Taponar el agujero adecuado

LONDRES – Las “leyes de los agujeros” son tan implacables como las “leyes de la física”. Si nos encontramos en un agujero y queremos salir de él, lo primero que debemos hacer es dejar de excavar. Si afrontamos varios agujeros que taponar y queremos saber por cuál empezar, elegiremos el que represente el peligro mayor. Esas leyes son particularmente ciertas cuando las aplicamos a la hacienda estatal.

Cuando John Maynard Keynes hablaba de subempleo persistente, no quería decir que, después de una gran sacudida, las economías se paralizaran en un nivel inmutable de actividad deprimida, pero sí que pensaba que, sin un estímulo externo, la recuperación desde el punto más bajo sería lenta, incierta, débil y con probabilidades de recaída.
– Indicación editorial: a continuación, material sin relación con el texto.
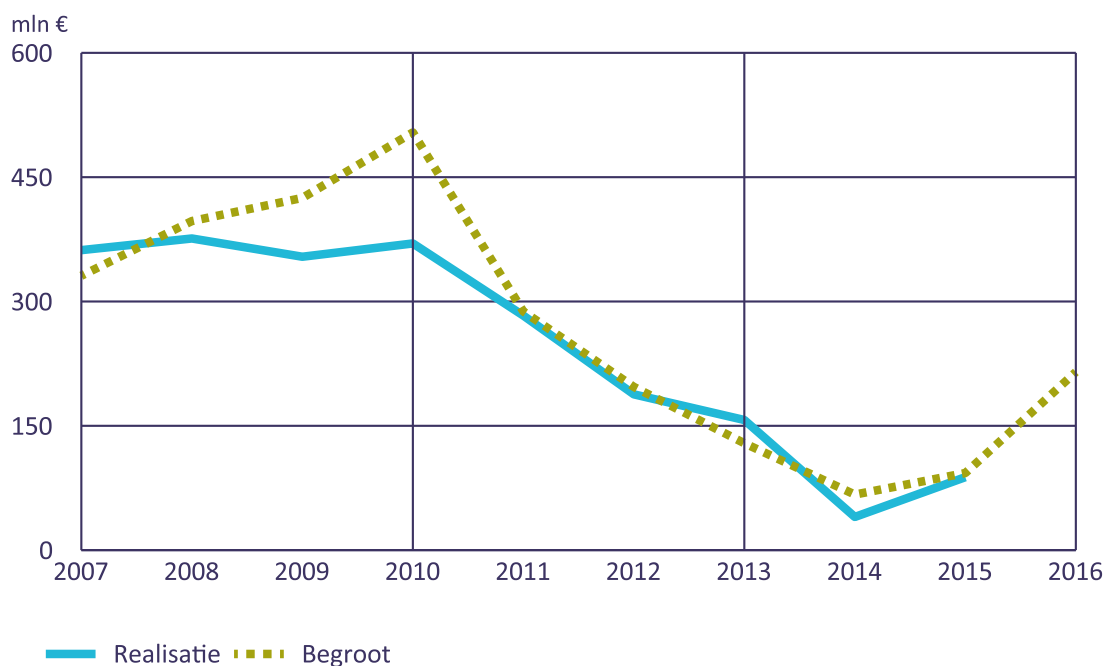
Figuur 2 Ontwikkeling rijksuitgaven aan inburgering

Su “equilibrio del subempleo” es una forma de tirón gravitatorio en lugar de un estado fijo.

Se trata de una situación que Alan Greenspan, ex Presidente de la Reserva Federal de los Estados Unidos, calificó de “cuasirrecesión”, término mejor que el de “recesión con doble caída”. Denota una recuperación anémica, con arranques de entusiasmo puntuados por desplomes. Es la situación que afrontamos hoy.